I picture myself before the congregation and my mind fills with theodicies.
God is sovereign over our suffering, I say.
He is wise and good and does all things according to the counsel of his will!

I quote promises:
He works all things for the good of those who love him!
What they intended for evil, God intended for good!

(I put emphasis on the ‘intended’ to prove that God isn’t passive in all this.)

I apportion blame:
God created a perfect world. Our suffering is the product of our sin! We are the authors of our downfall! The engineers of our pain! The masterminds of our misery!

I’m cruising now.
Equal parts Bill Lane Craig and Clive Staples Lewis. The noisy, clamouring counter-arguments of the World fall dumb beneath the sweep of my theodicean scythe. 

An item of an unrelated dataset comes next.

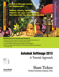 Autodesk Softimage 2013: A Tutorial Approach textbook introduces the readers to the Autodesk Softimage 2013, one of the world�s leading 3D animation and visual effects software. This textbook covers all features of Autodesk Softimage 2013 such as modeling, texturing, lighting, rigid bodies, ICE, Syflex cloth, hair, Lagoa, crowd simulation, and visual effects. It also explains the use of the Face Robot toolset that is used to create different facial expressions. Wide coverage of tools and description of each concept through tutorials as well as the pedagogical arrangement of chapters make this textbook unique in itself. Following are the additional

And then it all falls apart.
The arguments go to dust in my mouth and I choke on them. 
I make a fatal error: I remember my oratorical training and search for an illustration to ground my abstract arguments in experience. 

And I see Her.
A picture of my Mother flanked by her family.
It’s her alright, but, it’s not her, too. Not really.
The portrait has been arranged to capture the family-in-full before it’s too late. Something to call to mind the beauty of what was. An image to outlive the fragility of memory.

She’s sick.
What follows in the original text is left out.